Чёрный дым - страница 3



Яранский чувствовал себя не в своей тарелке. Поскорее бы вернулась жена. Он так соскучился по ней, будто бы не видел год! Он всё-таки пошёл хлопотать на кухню. Анжела вышла минут через двадцать с мокрыми волосами, завёрнутая в полотенце. Странно, не в своё, а в материно полотенце. Ну ладно… Неважно.

– Папа, где мой халат? Или вещи какие-то?

Яранский удивился вопросу.

– Ой, ну я-то откуда ж знаю… – смутился он. – Глянь в шкафу у себя.

– Пап, извини, у меня, честно говоря, голова болит. Ты не против, я спать пойду?

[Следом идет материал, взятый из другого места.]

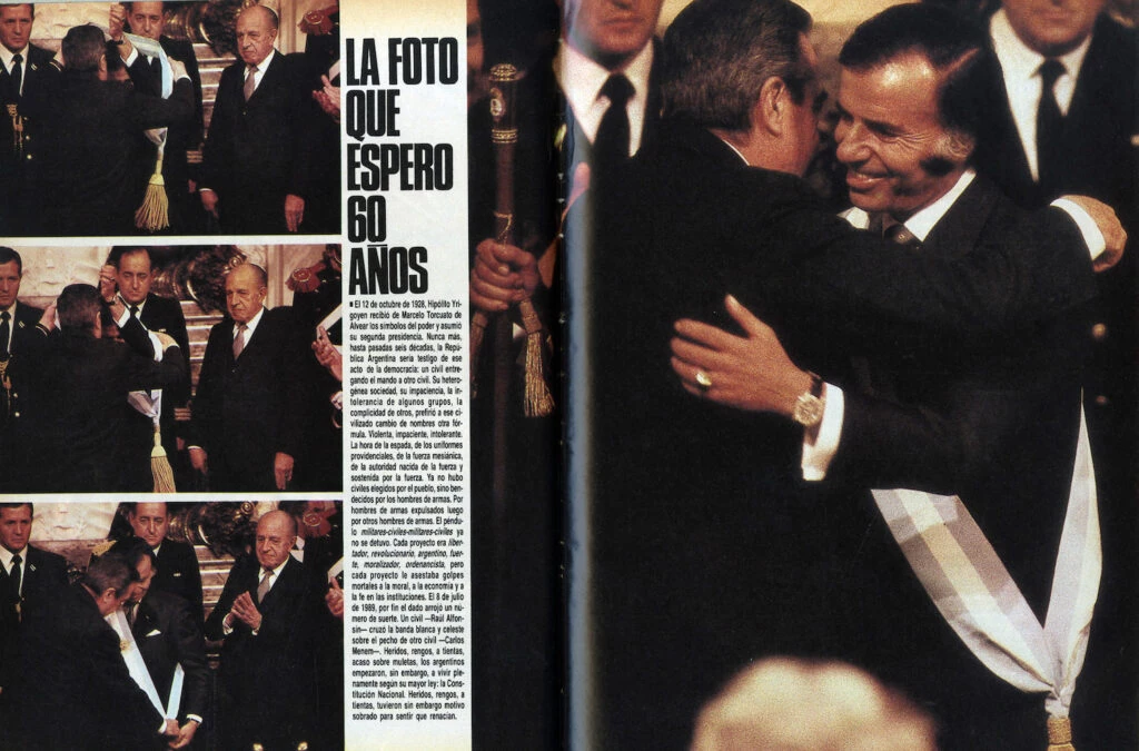 El Cadillac estacionó en la Casa Rosada a las 13.25 y tras una hora quedaron agotados los trámites sucesorios, y Menem con su banda y bastón flamantes fue a despedir al expresidente a la explanada: “Hasta luego. Hasta siempre. Mucha suerte”, le dijo Alfonsín. Después de 60 años, un presidente elegido por el voto popular entregaba el mando a un nuevo mandatario elegido bajo las mismas condiciones democráticas. El 12 de octubre de 1928, Hipólito Yrigoyenrecibió de Marcelo Torcuato de Alvear los símbolos del poder y asumió su segunda presidencia. Esa había sido la última vez.
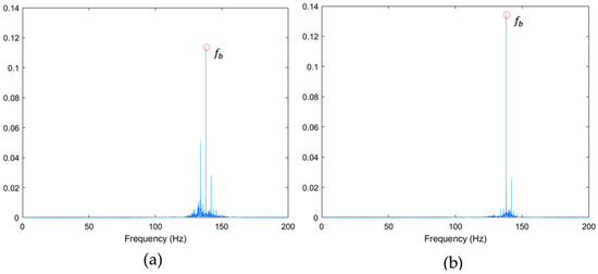 In Figure 6a, the frequency spectrum obtained using standard VMD still retains some interference-related frequency components. In contrast, the WOA-optimized VMD method shown in Figure 6b exhibits a cleaner spectrum with nearly no visible interference frequencies, and the fault-related frequencies are more distinctly highlighted. The marked frequency represents the characteristic fault frequency of the rolling bearing.
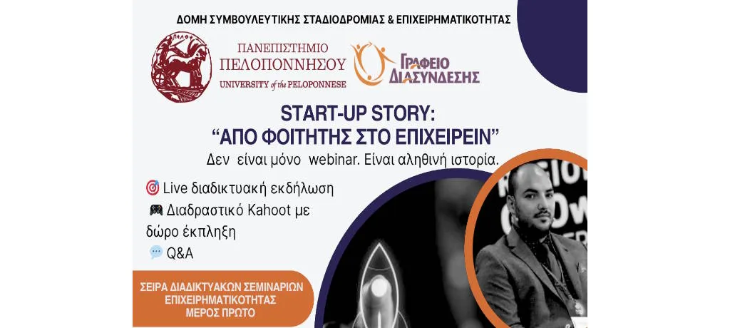 🚀 Θέλεις να δεις πώς μια ιδέα γίνεται startup; Έλα στον Κύκλο Διαδικτυακών Σεμιναρίων Επιχειρηματικότητας & Startups του Πανεπιστημίου Πελοποννήσου!
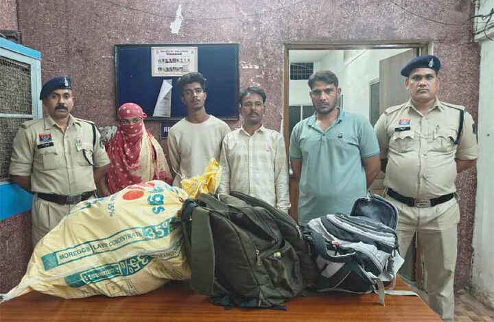 वरिष्ठ अधिकारियों के निर्देशन में एण्टी क्राईम एण्ड साईबर यूनिट तथा थाना टिकरापारा पुलिस की संयुक्त टीम द्वारा उक्त स्थान पर जाकर मुखबीर द्वारा बताये हुलियों के आरोपी एवं वाहन की पतासाजी करते हुये आरोपियों को चिन्हांकित कर पकड़ा गया। पूछताछ में आरोपियों ने अपना नाम प्रतीक शर्मा एवं मोहम्मद शमीम होना बताया। टीम के सदस्यों द्वारा उनके पास रखें बैग की तलाशी लेने पर बैग में गांजा रखा होना पाया गया। गांजा के संबंध में कड़ाई से पूछताछ करने पर दोनों आरोपियों द्वारा गांजा को चूना भट्ठी गंज निवासी शेख सारूख उर्फ शाहरूख एवं मुकूट नगर आजाद चौक निवासी पलक नागवानी उर्फ मिस बच्ची से प्राप्त करना बताया गया। जिस पर टीम के सदस्यों द्वारा शेख सारूख उर्फ शाहरूख एवं पलक नागवानी उर्फ मिस बच्ची की पतासाजी करते हुये दोनों को पकड़ा गया। गांजा के संबंध में पूछताछ करने पर इनके द्वारा एक मकान में गांजा छिपाकर रखना बताने के साथ ही आरोपी प्रतीक शर्मा एवं मोहम्मद शमीम को भी गांजा देना बताया गया। जिस पर शेख सारूख उर्फ शाहरूख एवं पलक नागवानी उर्फ मिस बच्ची की निशानदेही पर उनके कब्जे से भी गांजा बरामद किया गया।
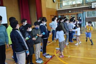 もうすぐ卒業を迎える6年生とのお別れ集会が体育館で行われました。5年生が中心となって計画し、クイズやゲームの後、各学年の出し物を発表しました。登校班や委員会活動などでお世話になった6年生に、どの学年も感謝の気持ちを伝え、楽しい一時を過ごしていました。
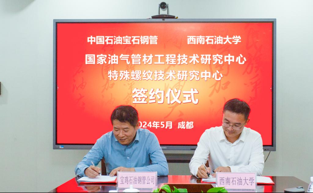 中油國家石油天然氣管材工程技術中心、寶石鋼管資陽鋼管有限公司、寶石鋼管亞洲鋼管有限公司,我校科研院、機電院相關負責人參加了簽約儀式。
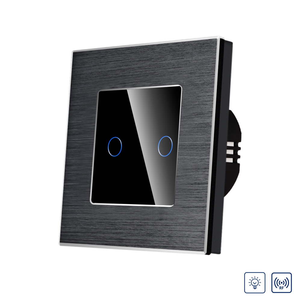 Intrerupator Dublu cu Variator si Touch din Sticla si Rama de Aluminiu LUXION, RF433
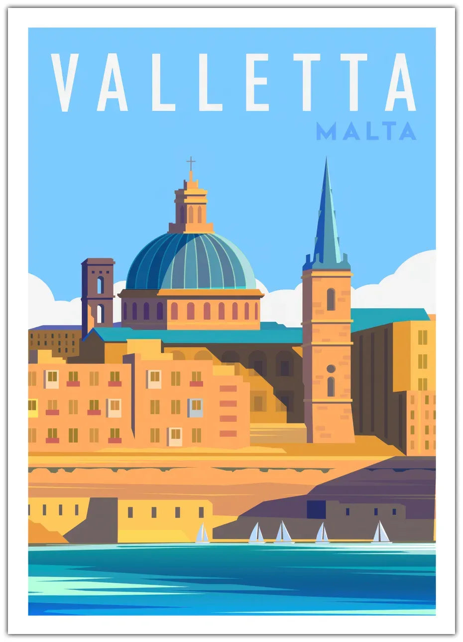 Oplev Maltas historiske hovedstad med vores "Valletta" plakat. Denne elegante illustration fanger byens barokke arkitektur og middelhavsskønhed, og bringer en følelse af kultur og historie ind i dit hjem.

– Дочка, а маму не хочешь дождаться? Поели бы вместе… – залопотал Яранский как будто оправдываясь. – Тебе завтра к какой паре? К первой?

Анжела помолчала, потом ответила:

– Да, к первой.

Не дожидаясь больше никаких возражений отца, Анжела просто ушла и закрылась в своей комнате. Примерно час там горел свет (наверное, готовилась к зачёту), потом всё стихло, и свет погас. Ещё через некоторое время Яранский услышал, как дверь немного приоткрылась. Он подкрался к дверной щелке, присмотрелся. Анжела мирно спала.

В полдевятого вечера вернулась, наконец, Лариса.

– Где ты была так долго? – строго спросил Яранский жену.

Лариса улыбнулась. Она всегда улыбалась по поводу и без. Такой уж был у неё жизнерадостный характер. Они с Яранским словно дополняли друг друга как две противоположности, как положительный и отрицательный полюса магнита: она – открытая, весёлая, улыбчивая, уверенная в себе, пышнотелая, как говорится, кровь с молоком. Он – угрюмый интроверт, замкнутый, немногословный, суетливый, но тем не менее, высокий и статный моложавый мужчина в самом расцвете сил. Так вот, Лариса улыбнулась и сказала своим обычным звонким голосом:

– Вадик, я не поняла, а что такого? Ну, задержалась чуток. По магазинам походила. Ну давай же, показывай путёвки! На какое число взял? Хоть бы позвонил.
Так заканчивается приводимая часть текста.